Segment Open

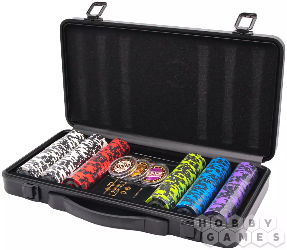 В данном комплекте вы найдёте всё необходимое для игры в классический покер. Внутри вы найдёте 300 стандартных фишек для профессиональной игры (14 г.), фишки блайндов и дилера и 2 колоды игральных карт, соответствующих качеству карт казино.
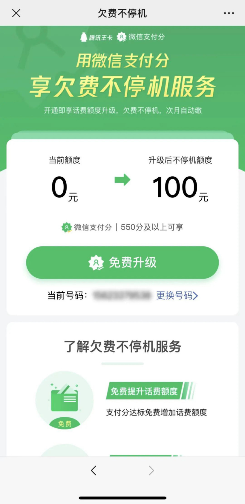 目前,“欠费不停机”服务主要面向国内大部分地区的王卡用户,用户微信支付分 550 分及以上就可以申请使用。服务提供的“欠费额度”有 100 元、120 元、150 元三档,用户清缴欠费或欠费自动代扣后,额度会自行恢复
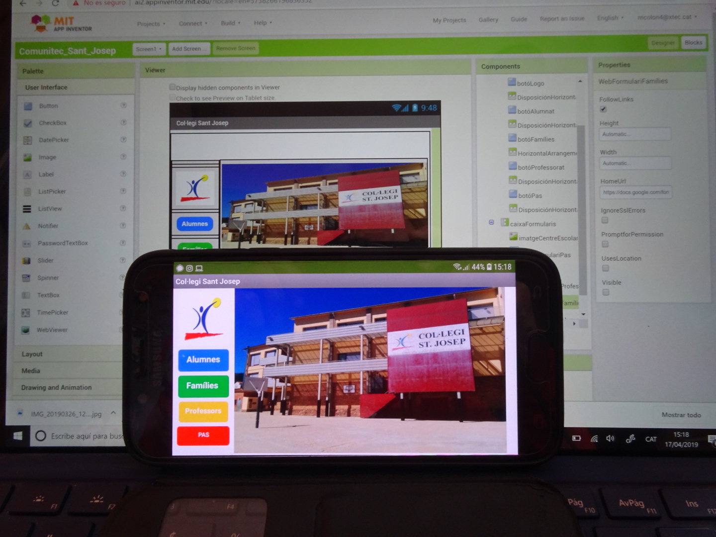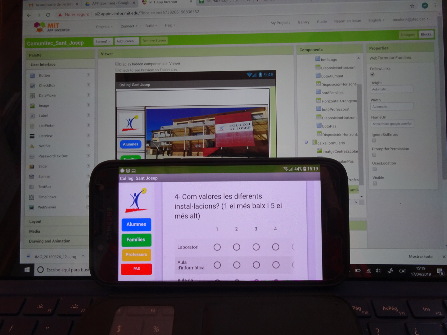 Els alumnes d’ESO3 del Sant Josep finalment han aconseguit personalitzar la nostra APP. Hi han afegit el nom, la foto i el logo de l’escola. També hi han enllaçat els nostres formularis. La connexió ens ha fallat una mica i això ens ha fet retrassar una mica el projecte. Però finalment… activitat aconseguida!
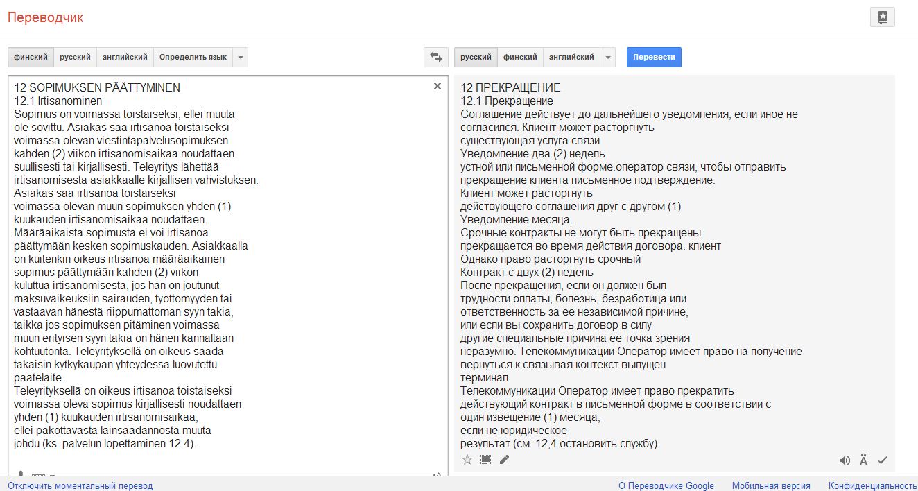 Соблазнила Sonera "оптоволокном" и ценой. Звоним в DNA 23.6 отказываемся, оплачиваю последний счёт за июнь. С 1.7 подключились к Sonera. Но опять приходит счёт от DNA, звоним, говорят, надо было отключатся до 20.6... Посмотрели на их сайте в надежде найти такое их положение об отключении, ничего не нашли, или плохо искали. С языком проблема... Уважаемые форумчане, может кто сталкивался с подобным, или существует какой-то закон?

Segment Closed

Pictures excluded, reproduce only the part above that opens with the line holding "元、120 元、150 元三档,用户清缴欠费或欠费自动代扣后,额度会自行恢复" and closes with the line holding "Els alumnes d’ESO3", exactly as written.

Response
 目前,“欠费不停机”服务主要面向国内大部分地区的王卡用户,用户微信支付分 550 分及以上就可以申请使用。服务提供的“欠费额度”有 100 元、120 元、150 元三档,用户清缴欠费或欠费自动代扣后,额度会自行恢复
 Els alumnes d’ESO3 del Sant Josep finalment han aconseguit personalitzar la nostra APP. Hi han afegit el nom, la foto i el logo de l’escola. També hi han enllaçat els nostres formularis. La connexió ens ha fallat una mica i això ens ha fet retrassar una mica el projecte. Però finalment… activitat aconseguida!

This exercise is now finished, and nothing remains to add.